Figure 1: The concept of estrogen receptor modulation: Development of Selective Estrogen Receptor Modulators (SERMs).

Classification Genitourinary and reproductive tissue Skeletal, cardiovascular and central nervous system Examples
Agonists Yes Yes Di-ethyl stilbestrol, hexasterol
Partial agonist/ antagonists Yes/No Yes Tamoxifen, Clomiphene
SERMs No Yes Raloxifen, CP-336156
Antagonists No No ICI-182, 790 ICI-164, 385

Table 1: Classification of estrogen receptor modulators.

Salient Features of Serms

1. They can be used in the prevention and treatment of Osteoporosis [8] as they have been shown to cause -

a) Substantial increase in bone mineral density (BMD).

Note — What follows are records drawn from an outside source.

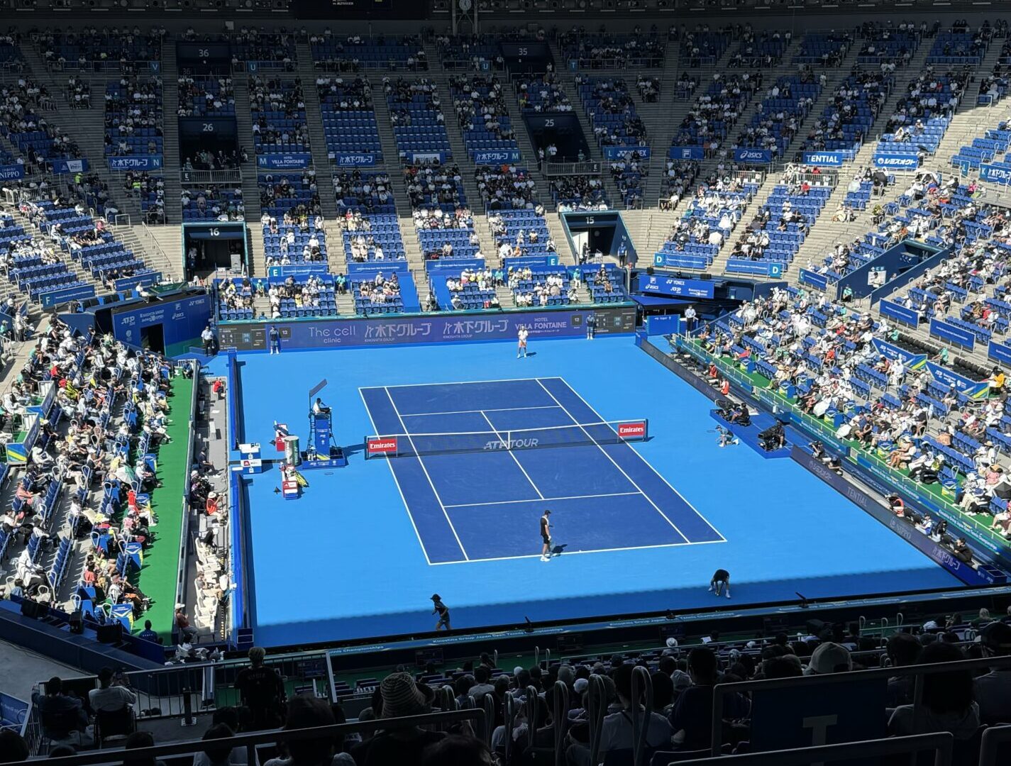 第2試合はアレクサンダー・ズベレフと初出場のベン・シェルトンの対戦。両社とも高身長ながら俊敏な動きで鋭いショットを繰り出します。第5ゲームでドロップショットを見事に返球したズベレフがブレークします。第9ゲームでもネットに出てきたシェルトンにミスを誘い、ズベレフが第1セットをものにしました。第2セットはお互いに堅実なサービスキープを続けます。途中ズベレフにチャンスがきますがシェルトンが驚異的なタッチでしのぎました。タイブレークに突入するとシェルトンの強烈なフォアハンドが炸裂。セットポイントを3つ握りましたが、その後ミスが目立ちズベレフのストレート勝利となりました。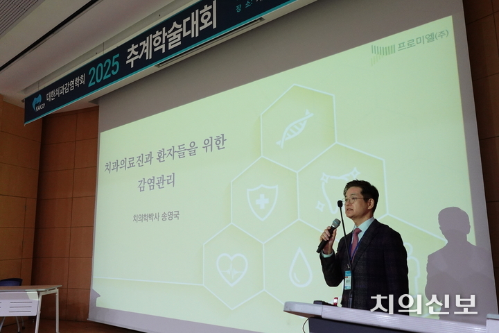대한치과감염학회(이하 감염학회)는 지난 6일 서울대학교 치과병원 승산강의실에서 2025 추계학술대회를 개최했다. 이번 학술대회에서는 치과 내 감염관리뿐 아니라 임플란트 주위염, 난치성 골재생 전략 등 다채로운 강의를 펼쳐 회원의 호응을 받았다.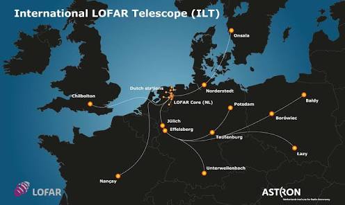 The LOFAR radio telescope in Europe took an image showing a faint source of radio waves between a pair of galaxy clusters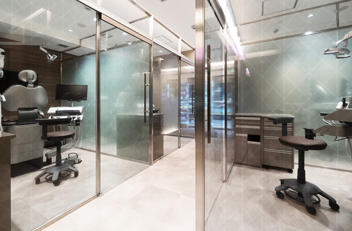 充実した医療設備とラグジュアリーな院内です。治療スペースはすべて個室になっております。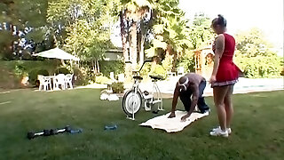 Naughty cheerleader Liza Rowe drops her uniform for a dark-hued spear

b) Prevention of bone loss and decreases in fracture incidences.

2. Through their agonists effects they can also be used in the prevention and treatment of the cardiovascular diseases [9] as they have shown following effects -

a) Inhibit biosynthesis of cholesteron.

b) Reduce serum fibrogen and serum cholesterol [primarily low density lipoprotein - cholesterol (LDL-C)].

c) Reduce aortic lipid accumulation and carotid initial thickness in case of injury.

d) Inhibit lipid peroxidation and decreases membrane fluidity.

e) Inhibit progression of coronary artery atherosclerosis.

3. Through their antagonistic properties they can be used prevention and treatment of estrogen responsive cancers [10] and they have shown following properties.

a) Anti-breast cancer properties.

b) Antagonistic effect at uterus showing no stimulation of endometrial hyperplasia.

c) Reduction in the risk of lever carcinogenesis.

4. They have been shown to improve cognitive function of brain and palliation of Alzhimer's disease and postmenopausal depression [11] through agonist effect.

Clearly, this class of compounds shows promise for the treatment and prevention of a number of pathologies associated with estrogens, by which novel estrogen pharmaceuticals can be developed as tissue-selective drug in the new millennium.

Conclusion

The main pharmacodynamic characteristics of the SERMs that are currently available reflect their antineoplastic activity in estrogen-dependent breast cancer (tamoxifen and toremifene) and the beneficial effects on bone remodeling, bone mineral density, and reduction of osteoporotic fractures in postmenopausal women observed with raloxifene [12]. However, one major consequence of the Women’s Health Initiative findings has been an increased interest in the full therapeutic potential of SERMs – still to be explored – because of their potential to retain some of the beneficial effects of estrogen while avoiding most of its adverse effects [13]. Given the extraordinary complexity of the different diseases that SERMs can impact, this exploration is contemplated as a major, long-term, costly task [14]. In this respect, clinical trials that are close to being finalized with raloxifene will clarify within the next few years the potential role of this SERM in primary prevention of breast cancer and cardiovascular disease in postmenopausal women [15]. Likewise, the encouraging preliminary results on new SERMs such as lasofoxifene, bazedoxifene, arzoxifene, ospemifene, etc. are still to be confirmed in large-scale clinical trials currently under way. With regard to our current knowledge of these drugs, it is tempting to speculate on the ideal pharmacological characteristics of a selective estrogen receptor modulator.

Acknowledgements

JP and AK are thankful to DST for financial support (Grant registration#CS-236/2013). JP, RK and NS are also thankful to UPCST (Grant registration # CST/ D 6547/2017).